Lisa Price, the founder of Carol's Daughter, at its pop-up store in New Orleans in 2011.

Johnny Nunez/Getty Images

Rooks points out that Price founded Carol's Daughter at a time when many black women were starting to wear their hair in its natural state, and many had difficulty finding products that would work for their hair's unique texture.

Now there are several beauty bloggers posting how-to videos using homemade products that mimic Carol's Daughter. Hair care companies like Mixed Chicks and Miss Jessie's, both founded by biracial women, serve curly-haired women of all ethnicities. Carol's Daughter has also vied for customers outside the black community, leaving some of the company's early fans feeling alienated.

A blogger who goes by the name Honey Bii noted one Carol's Daughter ad campaign that featured several racially ambiguous women — as opposed to the African-American ones who helped to launch the brand.

"I'm not fair-complected," Honey Bii says, "and by no means do I feel that they [the ads] have to have this Afro-centric feel to it. But I feel like she sold us out." The thinking was that, in reaching for a broader demographic, Price was overlooking her original base.

"She really was, specifically, aiming at black women, who have a variety of hair textures," Rooks says. "But I'm not sure that's a niche that's as lucrative today." Hence the multicultural approach.

Ken Smikle, president of Chicago-based Target Market News, which monitors black consumer patterns, says the sale of Carol's Daughter to L'Oral makes sense: "Cosmetics is tough," he notes, "and it would be more logical for a company already engaged in the market to want to make a purchase and extend their ability to serve black customers."

L'Oral has a mixed track record with that.

Missteps In The African-American Market

On one hand, in 1998, L'Oral bought the "SoftSheen" line from Carson Products, a black-owned hair care firm, and it has maintained the line without a problem. On the other, in 2008, it featured Beyonce Knowles in its Feria hair color ads — and endured a storm of outrage on black social media sites. Bloggers were convinced the company had lightened Knowles' skin to appeal to a more mainstream aesthetic. L'Oral emphatically denied that, saying in a statement that "it is categorically untrue that L'Oral Paris altered Ms. Knowles' features or skin tone." But suspicion continued.

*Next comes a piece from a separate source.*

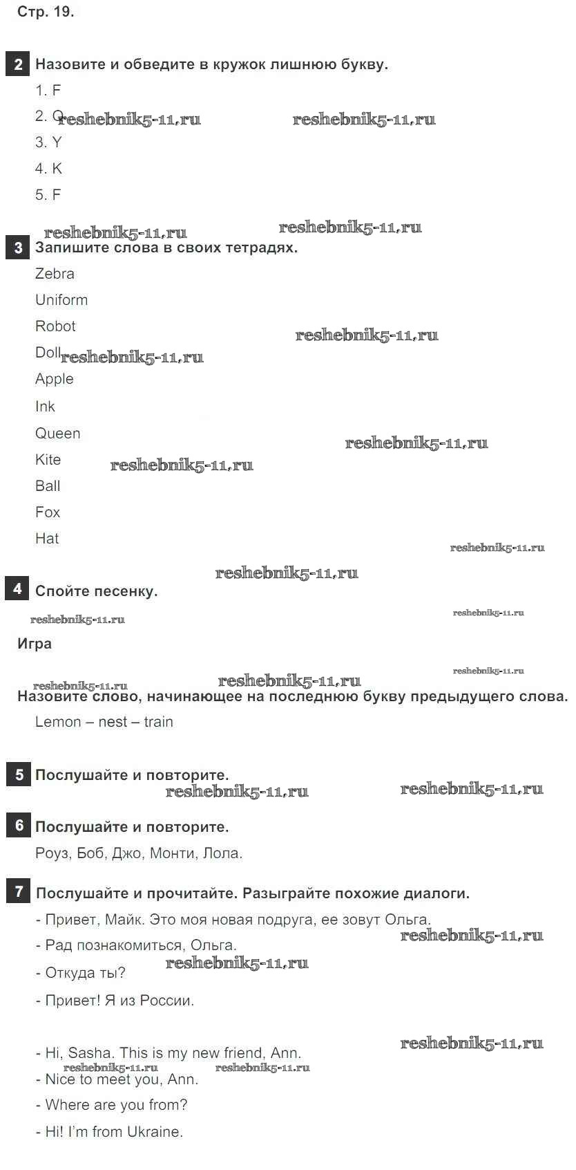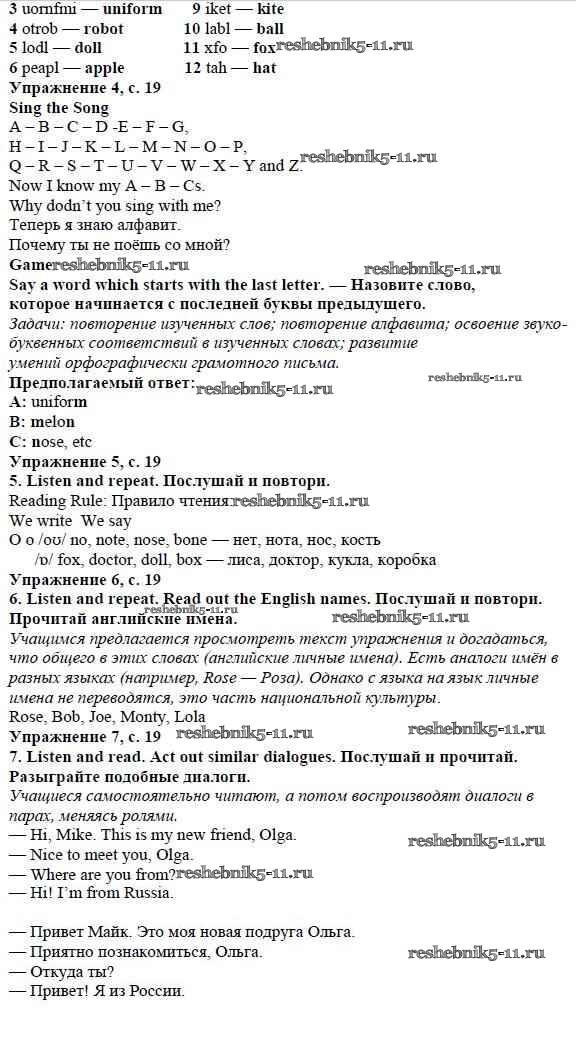 Готовая домашняя работа с ответами по Английскому языку за 5 класс Ваулина, Дули, Подоляко, Эванск Учебник Spotlight Просвещение 2015 ФГОС - Starter Unit стр. 19
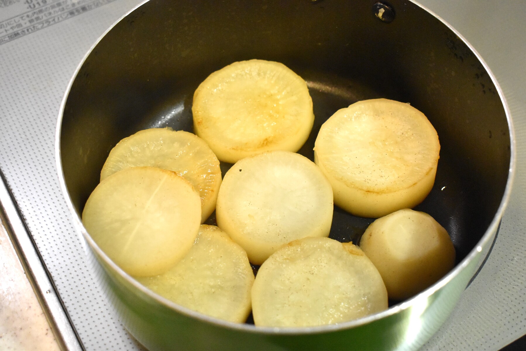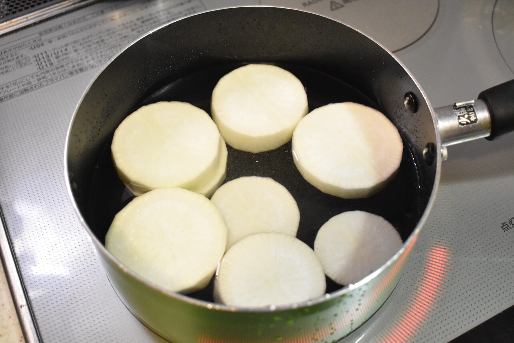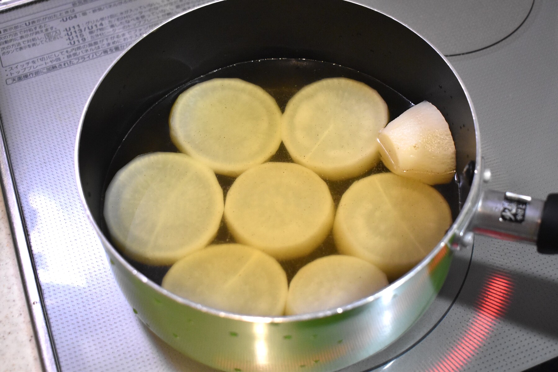 1.鍋に水と皮を剥いて2㎝幅に切った大根を入れて20分煮ます

Smikle says L'Oral will have to master its learning curve as it reaches out to new customers, but — to paraphrase the company's motto — it'll be worth it. There are women of color here and beyond the U.S. who are just waiting for cosmetics made with them in mind.

"This is a good deal," Smikle asserts. "It's a good deal for the industry and it's certainly a good deal for those who are loyal customers of Carol's Daughter."

And probably a good deal for Lisa Price, who, L'Oral says, will still have a role in the company. Now the brand that she started in her kitchen will reach women around the world, and her products will be on shelves for a long time to come.

Correction Oct. 24, 2014

A previous Web version of this story incorrectly said that Carol's Daughter filed for Chapter 11 bankruptcy protection. It was actually Carol's Daughter Stores LLC that filed.